*** Begin section ***
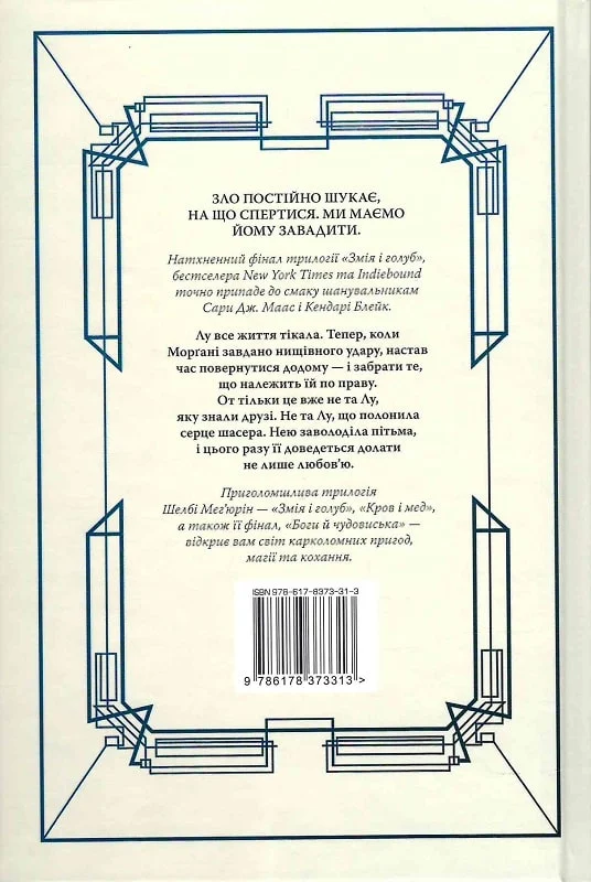 Приголомшлива трилогія Шелбі Мег’юрін — «Змія і голуб», «Кров і мед», а також її фінал, «Боги й чудовиська» — відкриє вам світ карколомних пригод, магії та кохання.
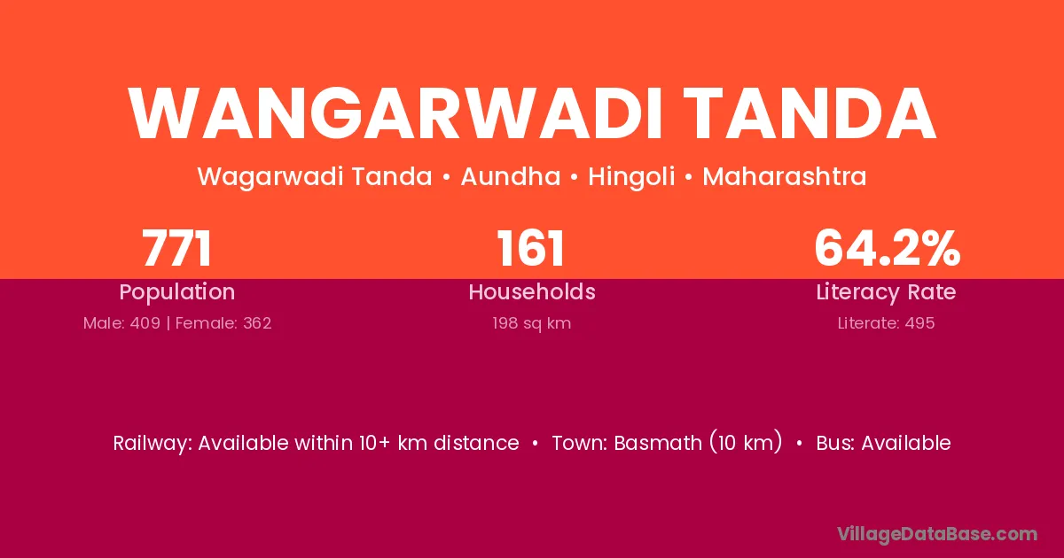 Basmath (10 km) is the nearest town to Wangarwadi Tanda village for major economic activities and is located approximately 10 km away.
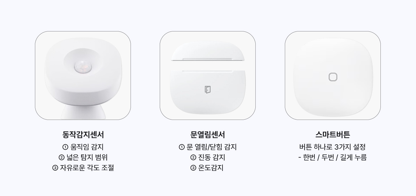 동작감지센서, 문열림센서, 스마트버튼, 스마트커튼 등의 디바이스들을
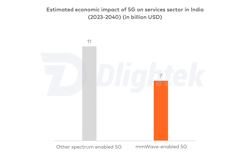 Estimated economic impact of 5G on services sector in India (2023-2040) (in billion USD)
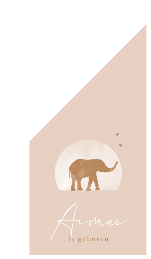 Wanneer je dochter geboren wordt, is het een uniek moment waar je altijd met veel plezier aan terug zult denken. Een geboortevlag is dan ook een perfecte manier om dit bijzondere moment vast te leggen. Ook leuk om met buren, familie of vrienden een gepersonaliseerde vlag op te hangen en op deze manier de tuin te versieren om de geboorte van de baby te vieren. Op deze roze geboortevlag Aimee een olifant voor een ondergaande zon met hartjes.
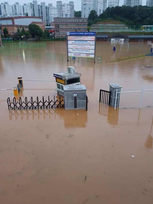 큰 비가 집중된 충청권을 중심으로 하천 곳곳엔 홍수 경보가 내려지고 도로가 통제됐다. 충남 서산시 운산면 운산교차로 지하차도에서는 침수가 발생해 차량 2대가 물에 잠겨 고립됐다. 미처 대피하지 못한 차량 운전자는 차 위에 올라가 구조를 기다리기도 했다.
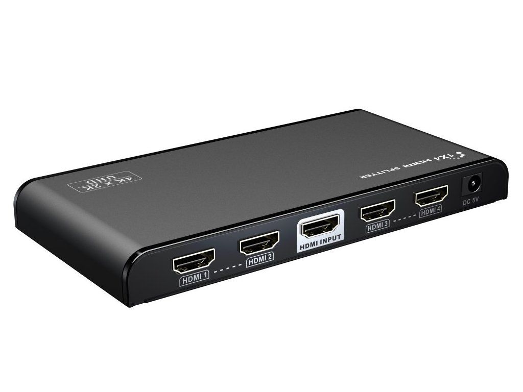 PremiumCord HDMI 2.0 splitter 1-4 porty, 4K x 2K/60Hz, FULL HD, 3D Můžete připojit několik HDMI obrazovek k jednomu HDMI zdroji signálu jako je PC, notebook, DVD, set top box, atd. - Vstup: 1 x HDMI socket (Type A) - Výstup: 4 x HDMI socket (Type A) - Napájení pomocí 230V/2A adaptéru - Na čelním panelu 1xLED indikace napájení, 4xLED indikace signálů na portech - Podporuje 3D a HDTV až do Ultra HD 3840X2160/60HZ - Rozlišení: 480i, 480p, 720i, 720p, 1080i ,1080p, 4K x 2K/60Hz - Podporuje standard HDMI 2.0 , HDMI1.4 - Podporuje HDCP2.2 - Splitter obsahuje aktivní zesilovač signálu, který umožňuje zapojit za splitter kabely až do délky 8m. Kabely musí mít kvalitní měděné vodiče a dostatečný průřez vodičů vzhledem k délce kabelu a použitému rozlišení video signálu - Šířka pásma (MHz): 25MHz - 600 MHz - Max. datový přenos 6 Gb/s - Max. rozlišení: 4K*2K/60Hz (3840X2160/60Hz) - Podporuje standardy: Dolby Digital/Plus, Dolby TrueHD, DTS-HD Master Audio+, DVD-Audio, SA-CD other supported standards: 3D, HDCP 2.2 , CEC - Podporuje 8/10/12 bitovou hloubku barev - Přenáší obraz i zvuk - Pěkné malé kovové pouzdro černé barvy - Rozměry:158mm x 80mm x 17mm - Váha: 196g - Balení v papírové krabičce s EAN kódem Návod k zapojení: 1) Vstup HDMI splitteru zapojte HDMI kabelem do zdroje signálu a výstup zapojte do zobrazovací jednotky nebo monitoru. 2) Zapojte napájecí adapter do zásuvky 230V a do zdířky DC 5V. Pokud se obraz po zapojení rozbočovače nezobrazí ihned po zapojení, vyčkejte cca 30s než dojde k rozpoznání HDMI signálu.Dodatočné parametre
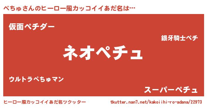 | 胡散臭い通販商品みたいなあだ名 | 『絶対に幸福をもたらす健康食品…その名も「ぺちゅ」』 |
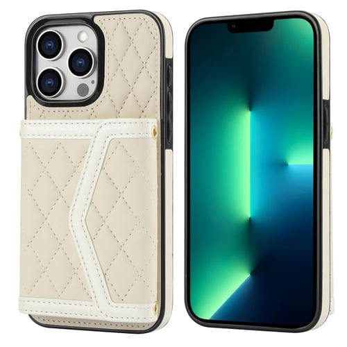 Estuche para Teléfono iPhone 13 Pro con Bolsa para Tarjetas Textura Rómbica y Cordón Largo (Beige)
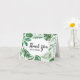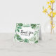 Cadre de conception de feuilles d'eau tropicale verte noir Merci de script noir du diplômé. À l'intérieur de la carte, des feuilles tropicaux coordonnés de couleur eau sont positionnés sur le dessus et le bas, vous donnant beaucoup de place pour vos notes de remerciement. Le dos est orné d'une feuille en forme de coeur avec personnalisable "Du bureau de..."
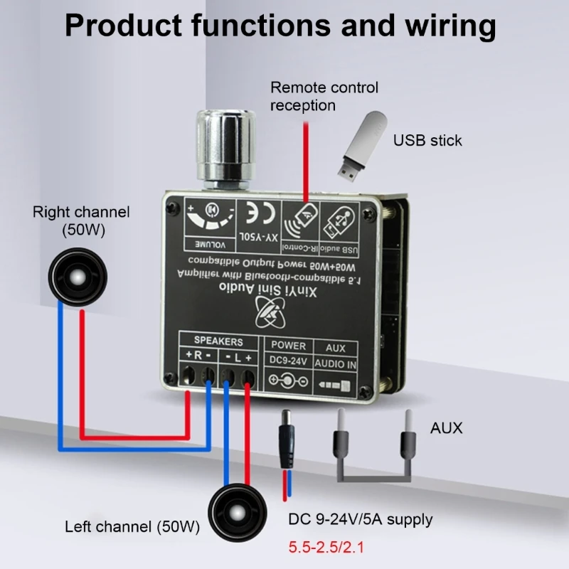 ºí·çÅõ½º ȣȯ ¾ÚÇÁ »ç¿îµå º¸µå, °íÃâ·Â ¾ÚÇÁ ¸ðµâ, ´ÙÁß ÀÔ·Â ÀÎÅÍÆäÀ̽º, 50W x 2 Ãâ·Â, DC9-24V/5A
*** End section ***
Repeat exactly the lines above, from the line that contains "Wanneer je dochter" down through the line that contains "큰 비가 집중된 충청권을". Include both of those lines and none of the pictures.

◆ **Result below**:
 Wanneer je dochter geboren wordt, is het een uniek moment waar je altijd met veel plezier aan terug zult denken. Een geboortevlag is dan ook een perfecte manier om dit bijzondere moment vast te leggen. Ook leuk om met buren, familie of vrienden een gepersonaliseerde vlag op te hangen en op deze manier de tuin te versieren om de geboorte van de baby te vieren. Op deze roze geboortevlag Aimee een olifant voor een ondergaande zon met hartjes.
 큰 비가 집중된 충청권을 중심으로 하천 곳곳엔 홍수 경보가 내려지고 도로가 통제됐다. 충남 서산시 운산면 운산교차로 지하차도에서는 침수가 발생해 차량 2대가 물에 잠겨 고립됐다. 미처 대피하지 못한 차량 운전자는 차 위에 올라가 구조를 기다리기도 했다.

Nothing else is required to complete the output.